For two subjects, the FreeSurfer processing pipeline could not be completed. Thus, only 9 of the 11 excluded patients could undergo signal-to-noise ratio (SNR) and contrast-to-noise ratio (CNR) analysis. P values were determined using two-tailed T-tests. MSSM = Mount Sinai School of Medicine; UW = University of Washington.
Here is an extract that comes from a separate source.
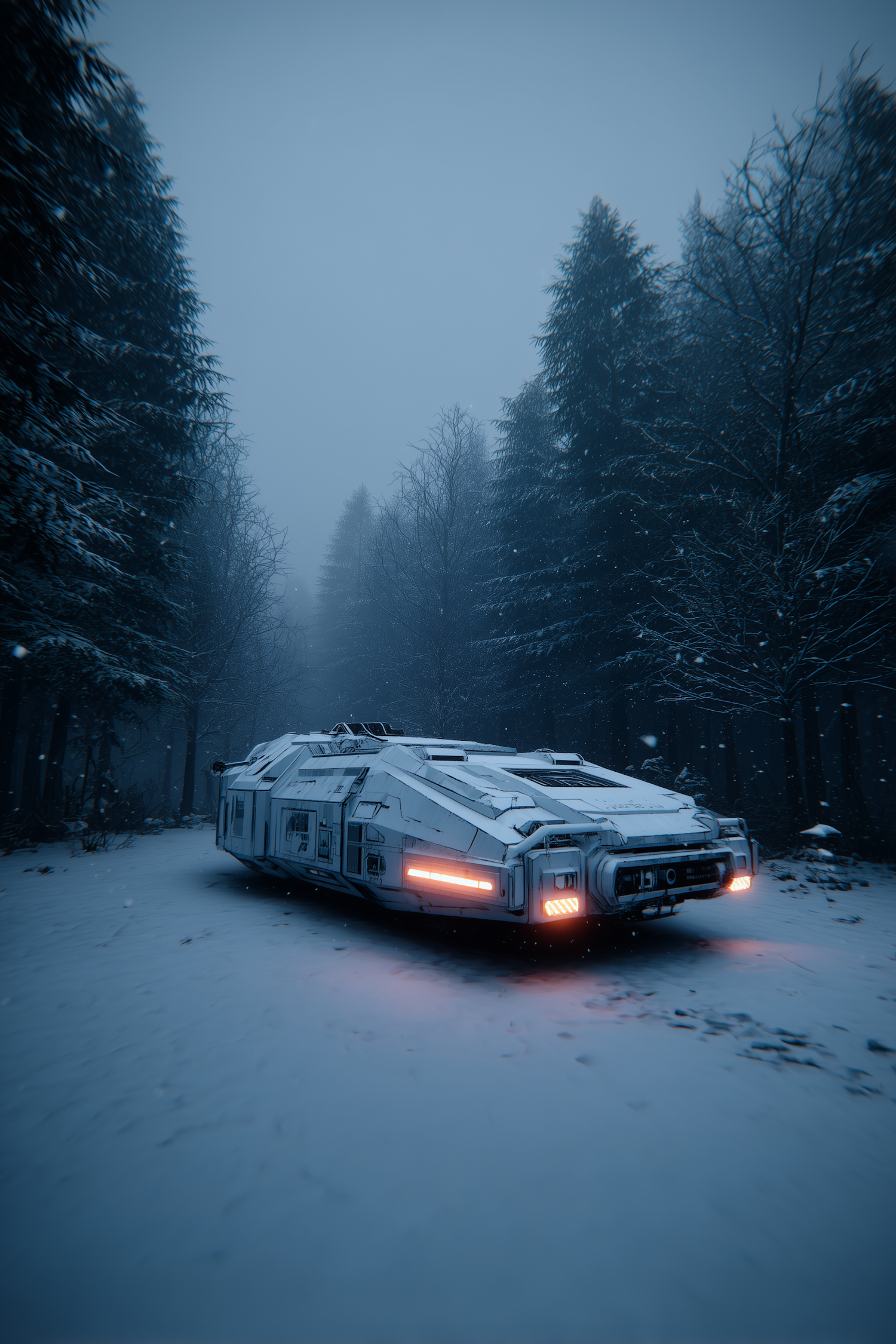 A futuristic vehicle with glowing lights rests on a snowy forest path, surrounded by tall trees and a foggy, serene atmosphere.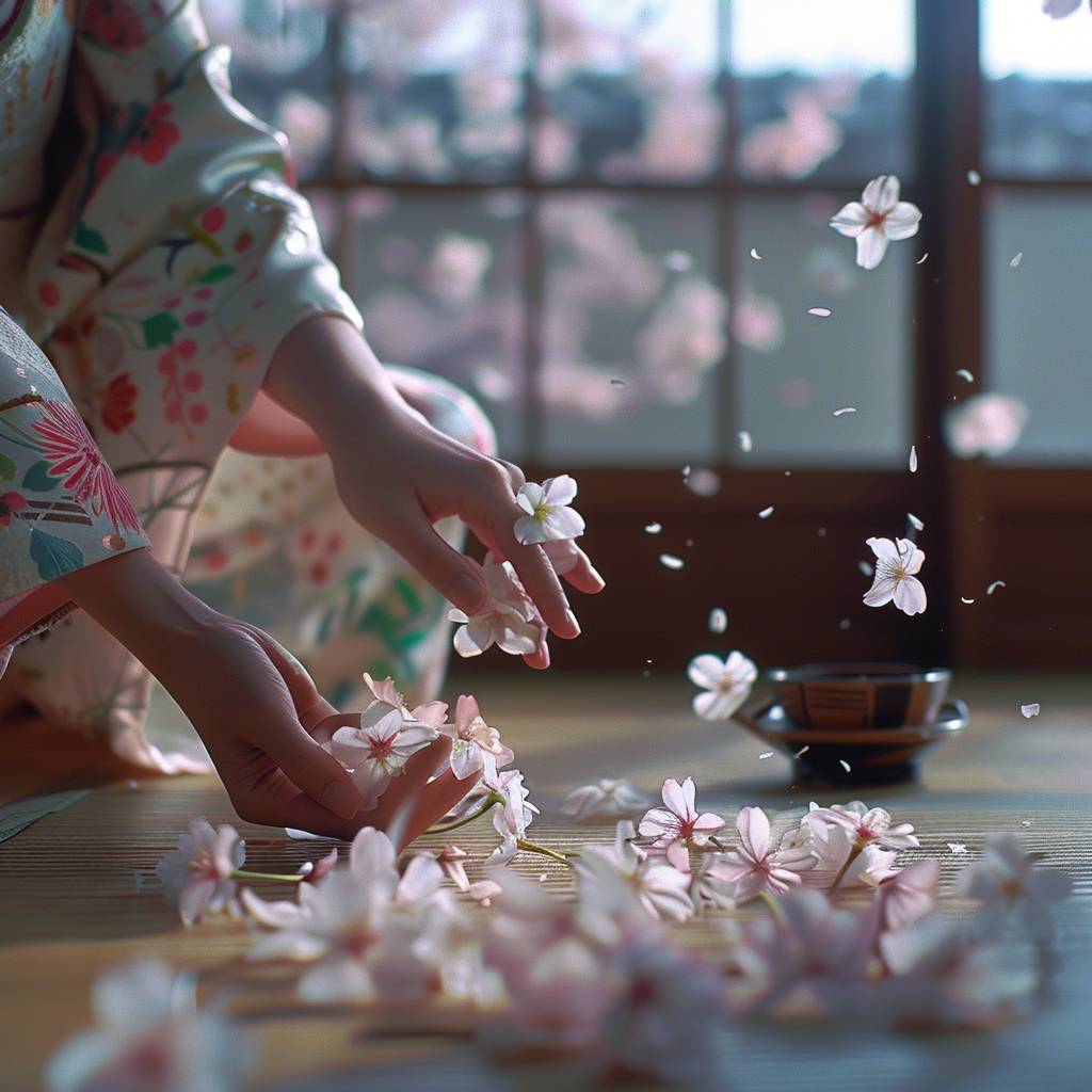 Woman in a kimono, arranging flowers. Delicate hands. Cherry blossoms. Traditional Japanese room. Morning. Tatami mats, sliding doors, a tea set nearby. Close-up shot, hands and flowers. Soft light filtering through rice paper doors, petals falling in slow motion. Photorealistic details. --ar 1:1 --v 6.0

Patient demographics and clinical characteristics

The 87-patient cohort was comprised of 60.9% men, with a mean +/− SD age of 56.7 +/− 12.0 years. Injury severity was classified as mild (n = 3), moderate (n = 42), and severe (n = 32); in 10 participants, the duration of loss of consciousness (LOC) was unknown and records were not available. The duration from most recent TBI to MRI was 10.9 +/− 9.1 years. Additional clinical and demographic data are provided in Table 2, and Table 3.

Table 2.

Patient Clinical and Demographic Characteristics.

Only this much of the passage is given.